| Work instruction |
Leaving the pictures out, print the lines from the first line of the listing through the line containing "( 叠戴搭配的 喜乐铃黄金手链 / 亦来自品牌TEASES.戏玲珑 )", exactly as they read, and no others.

| Information shown |
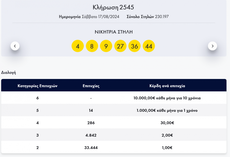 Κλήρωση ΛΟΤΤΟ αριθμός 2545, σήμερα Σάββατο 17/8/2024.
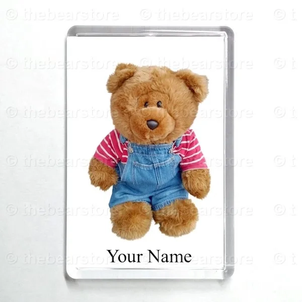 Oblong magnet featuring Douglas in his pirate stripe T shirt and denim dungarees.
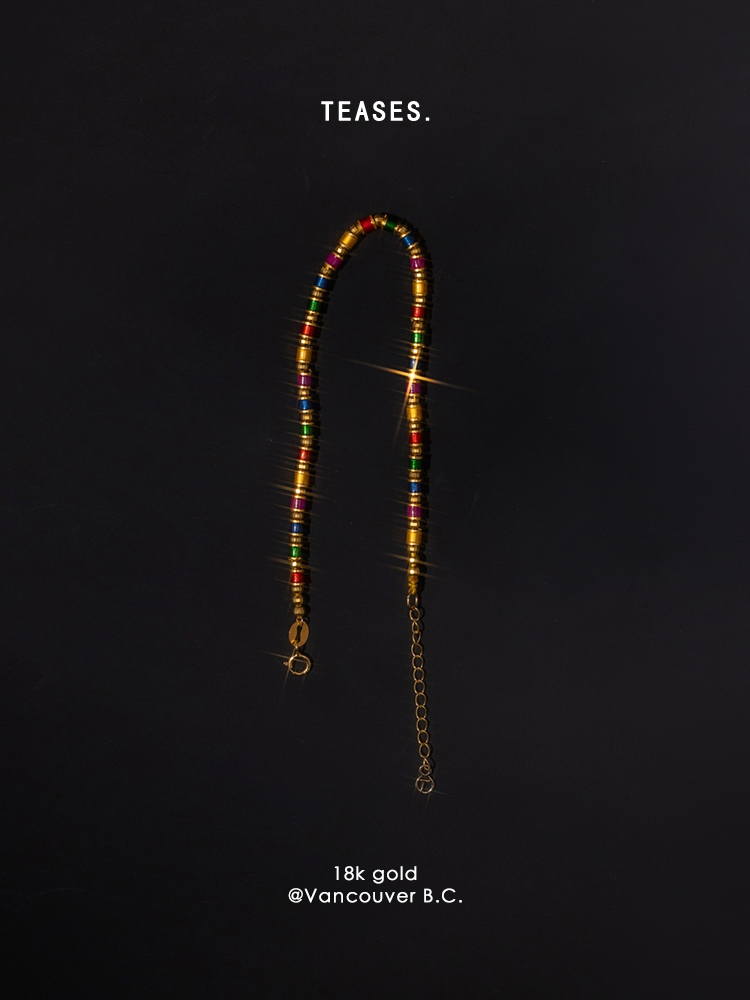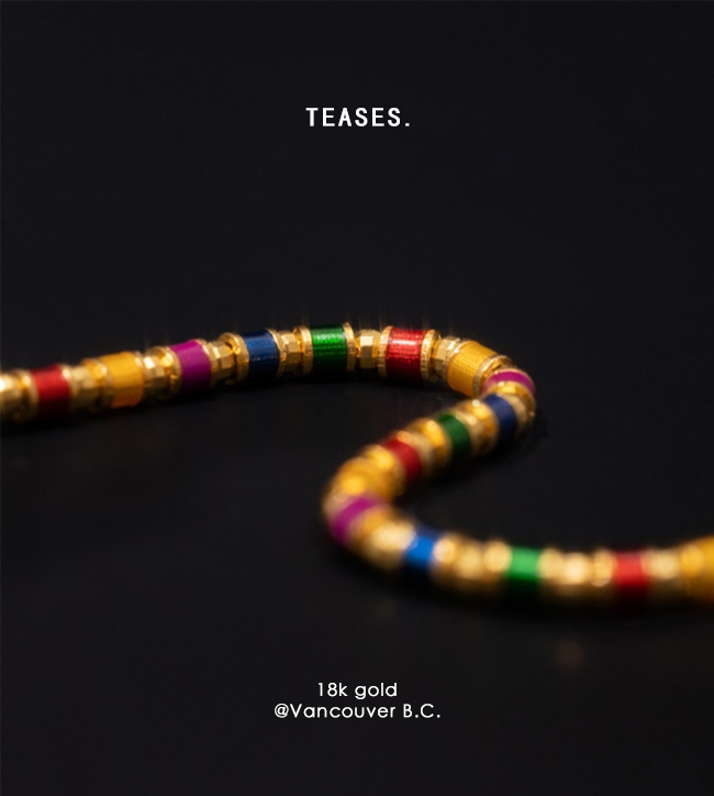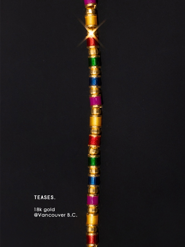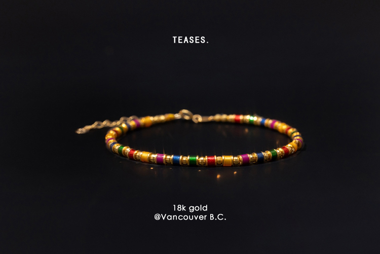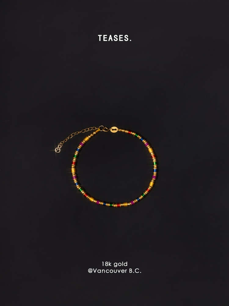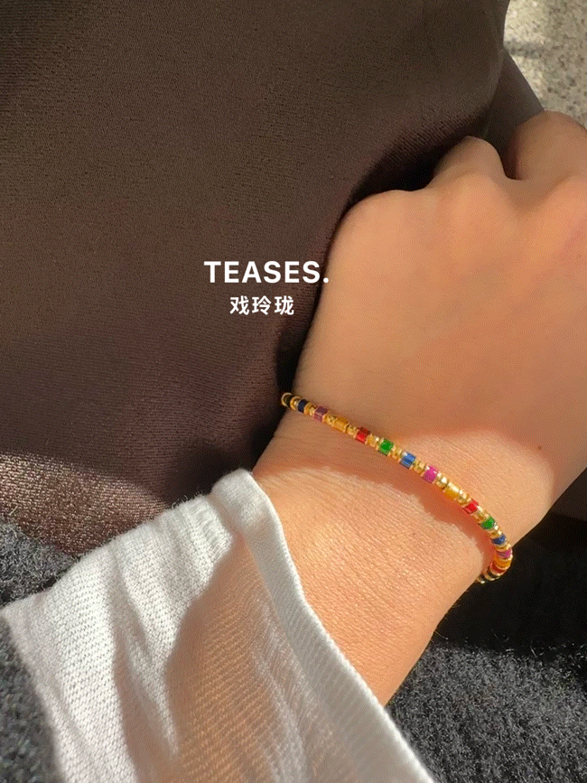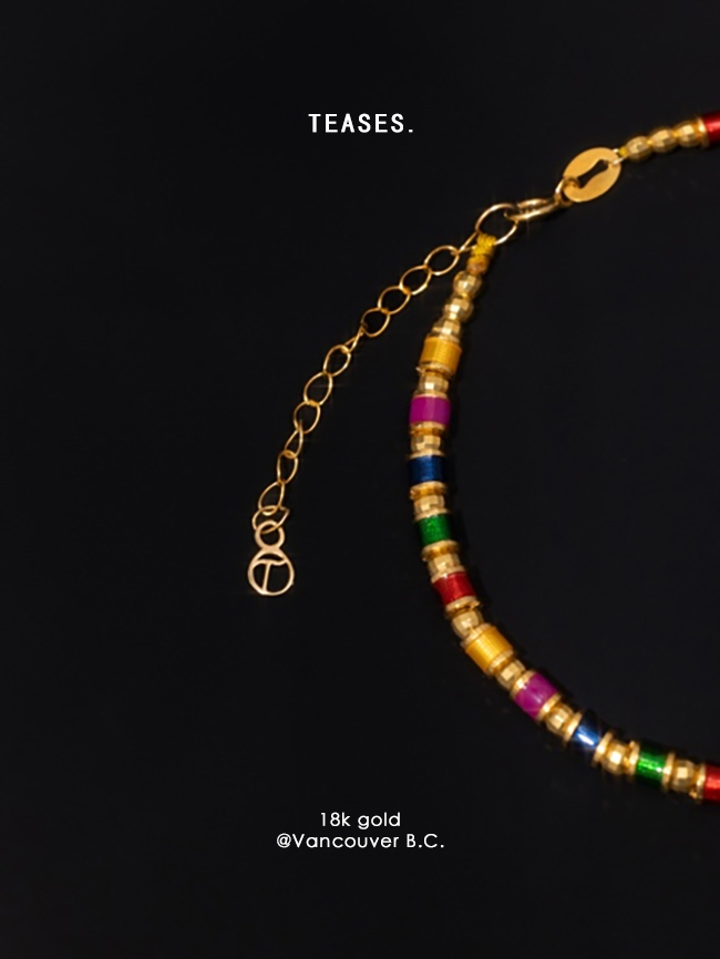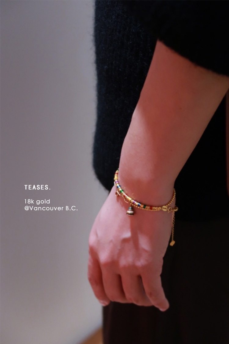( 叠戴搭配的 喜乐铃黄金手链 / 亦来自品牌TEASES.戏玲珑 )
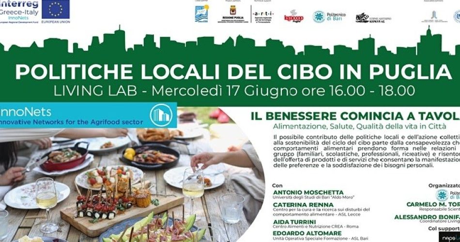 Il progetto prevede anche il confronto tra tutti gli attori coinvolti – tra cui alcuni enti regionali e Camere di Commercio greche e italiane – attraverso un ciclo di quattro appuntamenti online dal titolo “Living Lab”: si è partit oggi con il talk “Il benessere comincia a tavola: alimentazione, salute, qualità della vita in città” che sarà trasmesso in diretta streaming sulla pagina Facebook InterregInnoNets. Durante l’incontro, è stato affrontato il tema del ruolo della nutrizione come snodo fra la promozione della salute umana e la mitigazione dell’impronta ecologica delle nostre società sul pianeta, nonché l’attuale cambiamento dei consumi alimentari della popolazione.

| Task output |
 Κλήρωση ΛΟΤΤΟ αριθμός 2545, σήμερα Σάββατο 17/8/2024.
 Oblong magnet featuring Douglas in his pirate stripe T shirt and denim dungarees.
( 叠戴搭配的 喜乐铃黄金手链 / 亦来自品牌TEASES.戏玲珑 )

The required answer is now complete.